[[ PROVIDED DATA, beginning ]]

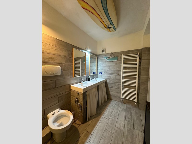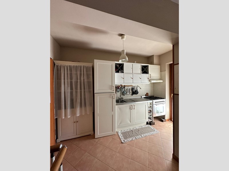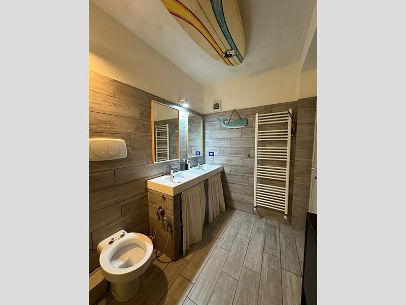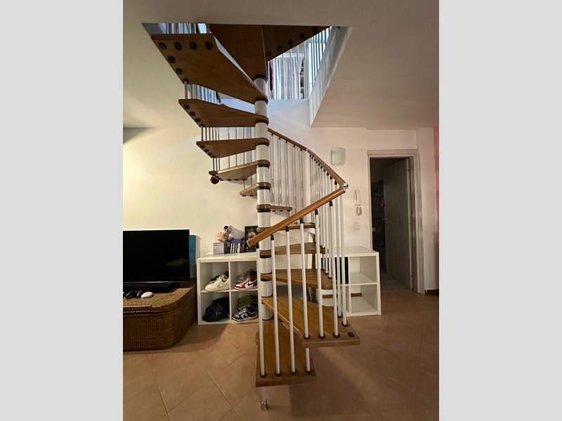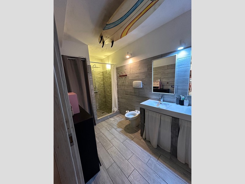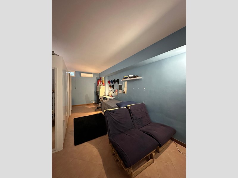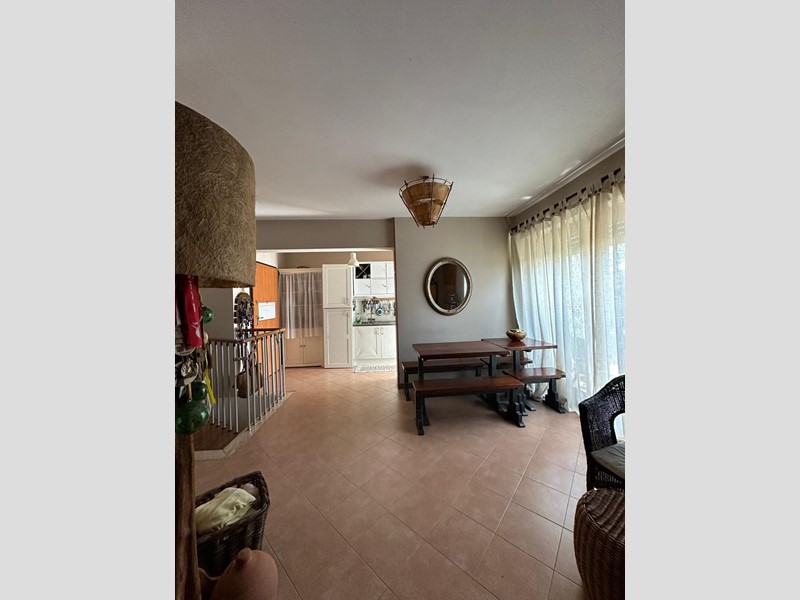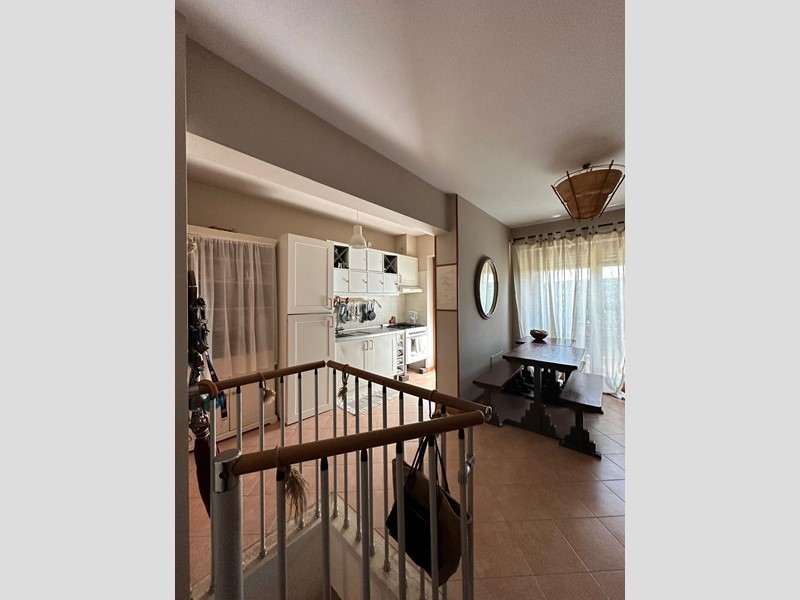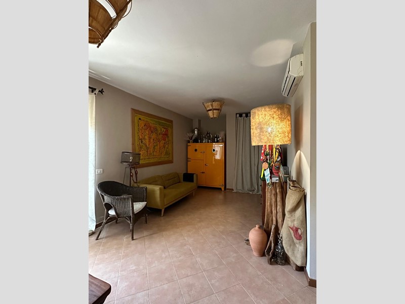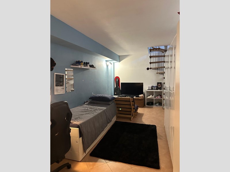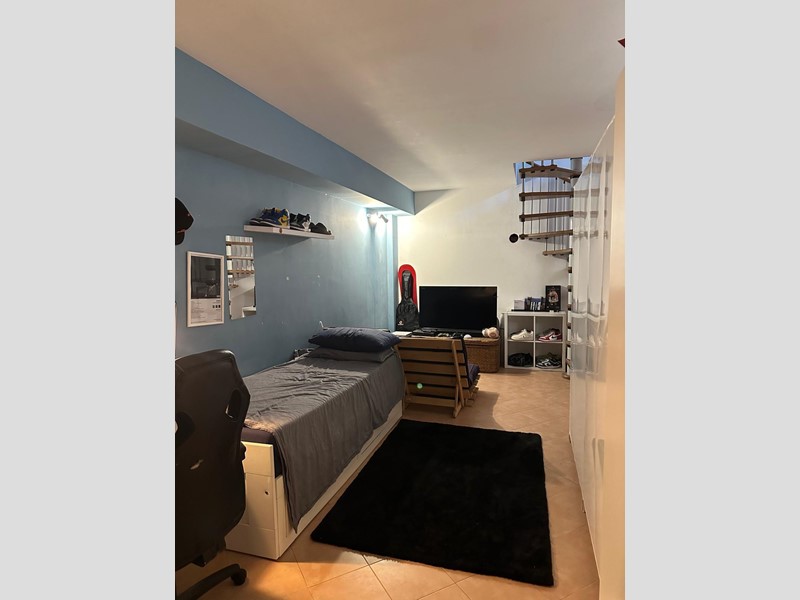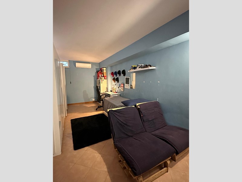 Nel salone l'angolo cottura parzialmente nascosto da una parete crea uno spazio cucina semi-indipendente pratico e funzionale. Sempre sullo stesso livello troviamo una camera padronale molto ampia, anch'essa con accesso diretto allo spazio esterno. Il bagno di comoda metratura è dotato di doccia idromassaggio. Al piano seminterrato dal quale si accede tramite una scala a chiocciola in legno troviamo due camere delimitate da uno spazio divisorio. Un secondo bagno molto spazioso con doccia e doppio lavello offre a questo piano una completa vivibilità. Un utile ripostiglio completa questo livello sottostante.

[[ PROVIDED DATA, end ]]
[[ PROVIDED DATA, beginning ]]

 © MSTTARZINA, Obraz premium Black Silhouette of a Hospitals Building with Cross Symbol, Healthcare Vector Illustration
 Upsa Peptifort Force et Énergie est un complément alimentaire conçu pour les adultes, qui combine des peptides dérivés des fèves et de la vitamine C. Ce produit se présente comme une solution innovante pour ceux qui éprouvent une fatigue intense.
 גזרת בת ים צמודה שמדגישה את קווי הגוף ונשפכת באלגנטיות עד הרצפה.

[[ PROVIDED DATA, end ]]
[[ PROVIDED DATA, beginning ]]

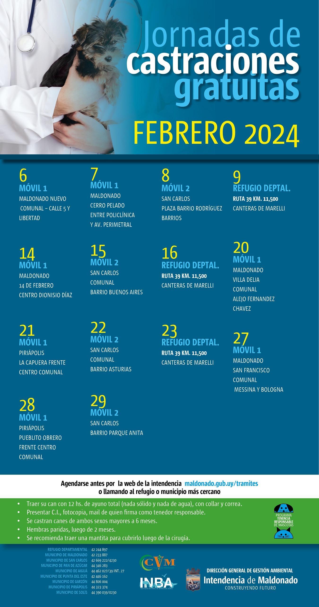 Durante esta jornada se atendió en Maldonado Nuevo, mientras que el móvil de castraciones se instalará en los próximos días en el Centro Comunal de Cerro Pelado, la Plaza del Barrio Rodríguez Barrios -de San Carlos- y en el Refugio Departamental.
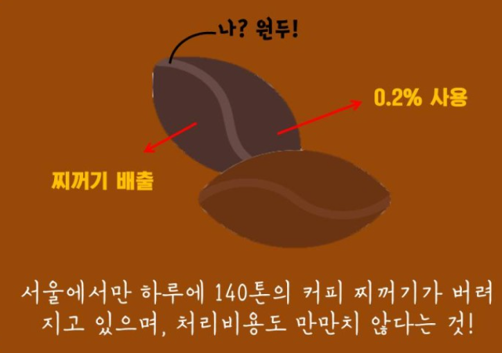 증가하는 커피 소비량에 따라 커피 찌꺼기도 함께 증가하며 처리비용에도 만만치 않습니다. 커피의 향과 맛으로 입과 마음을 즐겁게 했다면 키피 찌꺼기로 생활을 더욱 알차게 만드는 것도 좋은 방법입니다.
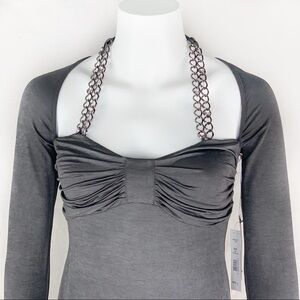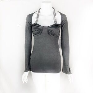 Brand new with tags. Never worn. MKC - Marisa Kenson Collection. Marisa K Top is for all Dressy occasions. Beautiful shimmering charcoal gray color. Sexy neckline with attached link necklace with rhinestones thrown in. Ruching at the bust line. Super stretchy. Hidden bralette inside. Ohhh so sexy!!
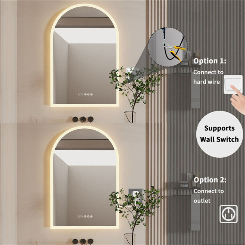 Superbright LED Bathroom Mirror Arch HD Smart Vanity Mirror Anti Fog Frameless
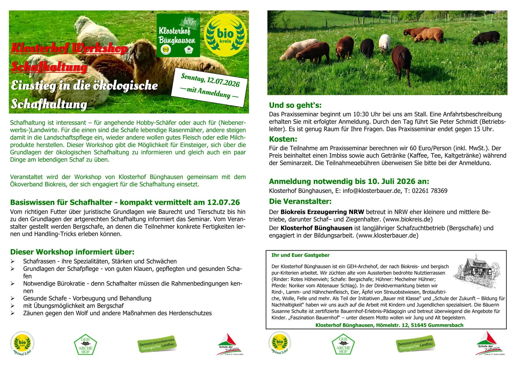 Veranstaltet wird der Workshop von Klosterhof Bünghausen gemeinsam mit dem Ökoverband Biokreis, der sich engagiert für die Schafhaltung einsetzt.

[[ PROVIDED DATA, end ]]

TASK -> The stretch above running from the line with "증가하는 커피 소비량에" through the line with "Veranstaltet wird der" is all you should copy, exactly, leaving out the pictures.

SOLUTION TO THIS TASK ->
 증가하는 커피 소비량에 따라 커피 찌꺼기도 함께 증가하며 처리비용에도 만만치 않습니다. 커피의 향과 맛으로 입과 마음을 즐겁게 했다면 키피 찌꺼기로 생활을 더욱 알차게 만드는 것도 좋은 방법입니다.
 Brand new with tags. Never worn. MKC - Marisa Kenson Collection. Marisa K Top is for all Dressy occasions. Beautiful shimmering charcoal gray color. Sexy neckline with attached link necklace with rhinestones thrown in. Ruching at the bust line. Super stretchy. Hidden bralette inside. Ohhh so sexy!!
 Superbright LED Bathroom Mirror Arch HD Smart Vanity Mirror Anti Fog Frameless
 Veranstaltet wird der Workshop von Klosterhof Bünghausen gemeinsam mit dem Ökoverband Biokreis, der sich engagiert für die Schafhaltung einsetzt.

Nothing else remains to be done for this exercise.